EC Report: Geo-Blocking to Control Costs or Fraud Acceptable
March 21, 2016
Two-thirds of European digital content providers block cross-border online sales into certain other EU member states, according to a report from the European Commission. While not as prevalent, nearly 40 percent of physical goods retailers engage in the same practice. As part of an ongoing initiative to foster cross-border e-commerce between its member states, the European Commission last year launched an investigation into the e-commerce sector to quantify the prevalence of geo-blocking and evaluate if there is a competitive basis to investigate certain companies. The EC’s final report will not come until this summer, but the Competition Committee released an initial report of its findings on Friday.

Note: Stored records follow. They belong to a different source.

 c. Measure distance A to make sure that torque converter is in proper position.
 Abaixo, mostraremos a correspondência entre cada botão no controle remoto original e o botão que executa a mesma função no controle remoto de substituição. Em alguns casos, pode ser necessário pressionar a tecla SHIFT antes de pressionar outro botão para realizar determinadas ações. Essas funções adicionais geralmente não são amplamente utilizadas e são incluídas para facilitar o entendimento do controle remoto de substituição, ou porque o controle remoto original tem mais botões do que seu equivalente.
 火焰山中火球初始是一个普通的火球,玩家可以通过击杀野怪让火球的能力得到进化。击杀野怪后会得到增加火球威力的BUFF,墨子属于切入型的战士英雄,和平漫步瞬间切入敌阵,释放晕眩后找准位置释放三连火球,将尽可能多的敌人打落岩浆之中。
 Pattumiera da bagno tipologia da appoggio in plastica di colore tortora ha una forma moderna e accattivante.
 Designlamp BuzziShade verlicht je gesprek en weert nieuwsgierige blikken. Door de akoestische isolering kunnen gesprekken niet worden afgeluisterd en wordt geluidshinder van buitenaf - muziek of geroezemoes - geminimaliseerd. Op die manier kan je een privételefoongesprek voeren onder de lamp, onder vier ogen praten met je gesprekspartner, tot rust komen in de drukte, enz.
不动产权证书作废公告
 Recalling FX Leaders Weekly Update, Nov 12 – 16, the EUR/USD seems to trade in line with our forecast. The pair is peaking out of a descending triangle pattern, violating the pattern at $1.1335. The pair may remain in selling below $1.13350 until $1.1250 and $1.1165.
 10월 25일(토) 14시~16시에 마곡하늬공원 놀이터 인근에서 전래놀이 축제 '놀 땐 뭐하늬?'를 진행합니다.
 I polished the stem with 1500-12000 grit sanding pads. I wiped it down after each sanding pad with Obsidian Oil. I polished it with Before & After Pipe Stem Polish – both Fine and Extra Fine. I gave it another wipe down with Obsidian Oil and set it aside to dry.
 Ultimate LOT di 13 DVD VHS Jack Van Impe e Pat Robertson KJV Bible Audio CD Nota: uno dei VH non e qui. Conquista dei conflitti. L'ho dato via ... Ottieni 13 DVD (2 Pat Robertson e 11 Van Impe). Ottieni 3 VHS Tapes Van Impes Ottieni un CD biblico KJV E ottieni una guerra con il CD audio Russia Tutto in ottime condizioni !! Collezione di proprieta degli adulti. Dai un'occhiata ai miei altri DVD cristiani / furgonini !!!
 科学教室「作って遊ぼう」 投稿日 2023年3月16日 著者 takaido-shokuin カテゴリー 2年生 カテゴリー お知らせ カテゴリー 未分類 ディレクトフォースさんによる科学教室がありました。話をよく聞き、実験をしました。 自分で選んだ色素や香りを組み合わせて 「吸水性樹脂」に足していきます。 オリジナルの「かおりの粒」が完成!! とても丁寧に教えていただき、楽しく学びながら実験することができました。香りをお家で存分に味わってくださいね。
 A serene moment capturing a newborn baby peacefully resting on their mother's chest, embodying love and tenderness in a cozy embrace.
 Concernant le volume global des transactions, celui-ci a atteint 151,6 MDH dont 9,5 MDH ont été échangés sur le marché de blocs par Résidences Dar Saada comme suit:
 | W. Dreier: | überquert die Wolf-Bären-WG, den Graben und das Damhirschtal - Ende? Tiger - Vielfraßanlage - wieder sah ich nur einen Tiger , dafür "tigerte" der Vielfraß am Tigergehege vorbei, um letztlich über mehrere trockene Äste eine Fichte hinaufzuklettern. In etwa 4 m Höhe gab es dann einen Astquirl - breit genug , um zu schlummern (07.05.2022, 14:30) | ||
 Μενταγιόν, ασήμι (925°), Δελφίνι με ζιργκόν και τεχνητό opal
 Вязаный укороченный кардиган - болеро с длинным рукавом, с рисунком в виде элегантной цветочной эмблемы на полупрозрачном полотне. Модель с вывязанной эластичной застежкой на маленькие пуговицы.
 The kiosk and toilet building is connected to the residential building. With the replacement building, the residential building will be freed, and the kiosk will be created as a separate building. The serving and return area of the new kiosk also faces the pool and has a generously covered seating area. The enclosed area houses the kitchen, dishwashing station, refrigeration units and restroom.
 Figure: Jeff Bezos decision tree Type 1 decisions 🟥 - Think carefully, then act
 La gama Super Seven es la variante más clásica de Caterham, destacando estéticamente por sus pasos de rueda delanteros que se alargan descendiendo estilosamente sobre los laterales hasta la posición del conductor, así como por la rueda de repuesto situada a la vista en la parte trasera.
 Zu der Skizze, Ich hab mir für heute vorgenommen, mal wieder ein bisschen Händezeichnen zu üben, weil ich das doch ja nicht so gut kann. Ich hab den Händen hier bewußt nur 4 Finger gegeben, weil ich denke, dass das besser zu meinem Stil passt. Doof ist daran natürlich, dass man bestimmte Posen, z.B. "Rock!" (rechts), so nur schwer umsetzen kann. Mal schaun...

The report indicated the EC mostly is concerned about contractual agreements between companies that result in geo-blocking digital content or physical goods. Perhaps allaying the fears of many businesses, regulators noted many legitimate reasons a company might refuse to sell into another country. The costs incurred to expand an online business cross-border were identified as one such reason in the report, as was the fact that a company’s online payment provider might refuse to accept payment from IP addresses in certain countries to reduce fraud. Companies that are refusing orders from certain countries because of contracts with suppliers or other agreements, however, could face investigation for violating antitrust rules.
“Where a non-dominant company decides unilaterally not to sell abroad, that is not an issue for competition law,” said Margrethe Vestager, commissioner in charge of competition policy. “But where geo-blocking occurs due to agreements, we need to take a close look whether there is anti-competitive behavior, which can be addressed by EU competition tools.”